%%
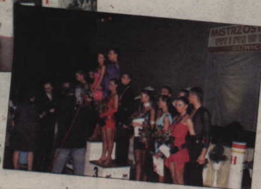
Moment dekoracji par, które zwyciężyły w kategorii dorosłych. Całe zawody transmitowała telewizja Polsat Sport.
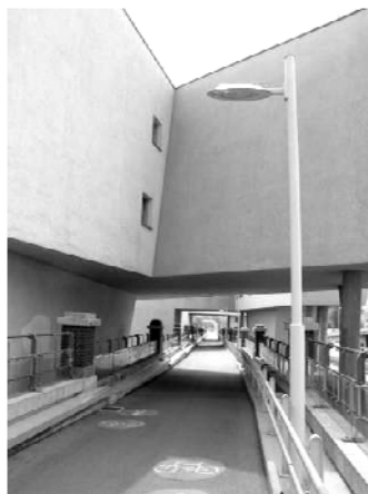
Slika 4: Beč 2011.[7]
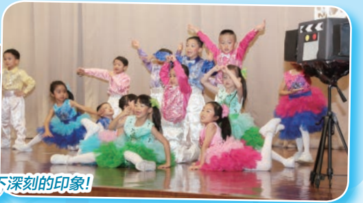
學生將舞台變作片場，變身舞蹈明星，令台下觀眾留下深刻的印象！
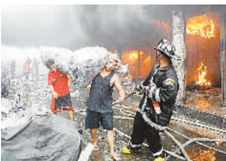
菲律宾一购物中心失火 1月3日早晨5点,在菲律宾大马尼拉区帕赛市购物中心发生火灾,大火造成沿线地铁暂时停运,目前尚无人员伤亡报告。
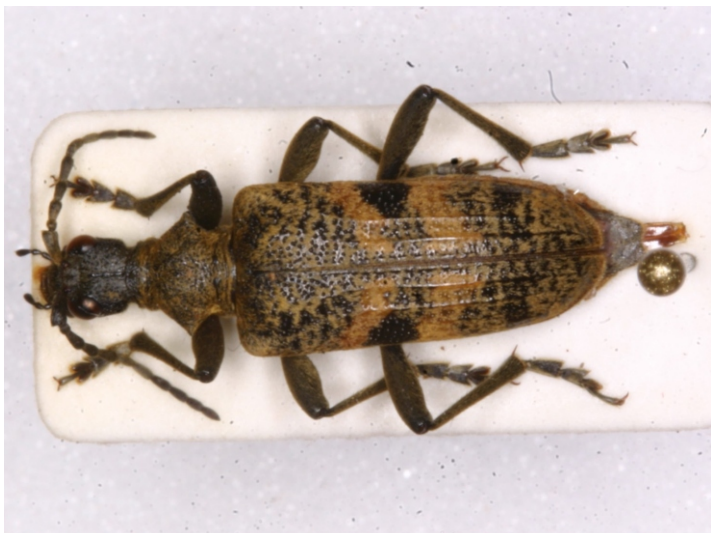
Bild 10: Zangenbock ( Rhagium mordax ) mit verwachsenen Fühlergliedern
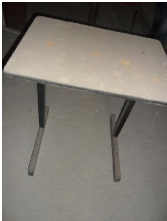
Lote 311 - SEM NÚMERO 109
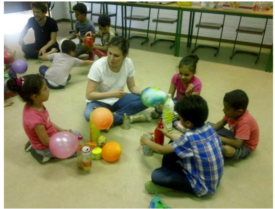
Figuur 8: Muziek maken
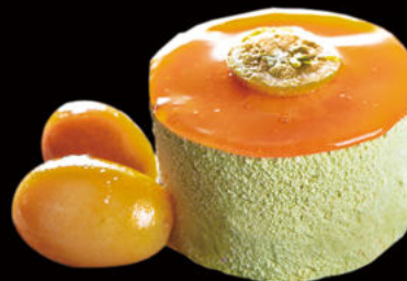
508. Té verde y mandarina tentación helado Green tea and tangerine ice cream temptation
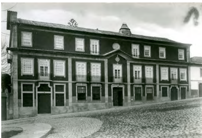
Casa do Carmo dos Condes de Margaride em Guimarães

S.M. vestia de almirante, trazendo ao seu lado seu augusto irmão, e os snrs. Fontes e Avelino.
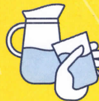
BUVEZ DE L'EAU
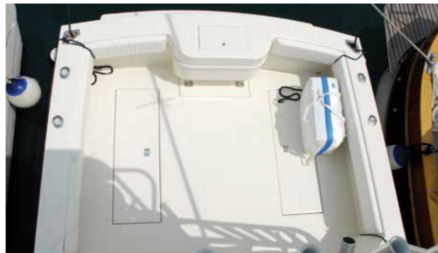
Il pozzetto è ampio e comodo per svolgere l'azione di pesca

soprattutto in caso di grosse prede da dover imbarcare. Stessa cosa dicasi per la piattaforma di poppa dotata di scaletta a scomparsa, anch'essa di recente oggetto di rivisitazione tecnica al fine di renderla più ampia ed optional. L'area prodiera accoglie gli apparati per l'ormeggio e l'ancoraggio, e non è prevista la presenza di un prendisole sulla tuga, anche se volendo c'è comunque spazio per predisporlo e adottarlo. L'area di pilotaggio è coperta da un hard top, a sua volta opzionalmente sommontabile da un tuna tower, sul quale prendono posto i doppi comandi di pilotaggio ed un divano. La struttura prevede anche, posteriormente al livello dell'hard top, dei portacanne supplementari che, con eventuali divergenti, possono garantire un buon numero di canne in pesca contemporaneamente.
%%
--- Prompt ---
Copy out exactly the material that runs from the line with "菲律宾一购物中心失火 1月3" to the line with "BUVEZ DE L'EAU", ends included, and leave the pictures behind.

--- Written solution ---
菲律宾一购物中心失火 1月3日早晨5点,在菲律宾大马尼拉区帕赛市购物中心发生火灾,大火造成沿线地铁暂时停运,目前尚无人员伤亡报告。
Bild 10: Zangenbock ( Rhagium mordax ) mit verwachsenen Fühlergliedern
Lote 311 - SEM NÚMERO 109
Figuur 8: Muziek maken
508. Té verde y mandarina tentación helado Green tea and tangerine ice cream temptation
Casa do Carmo dos Condes de Margaride em Guimarães

S.M. vestia de almirante, trazendo ao seu lado seu augusto irmão, e os snrs. Fontes e Avelino.
BUVEZ DE L'EAU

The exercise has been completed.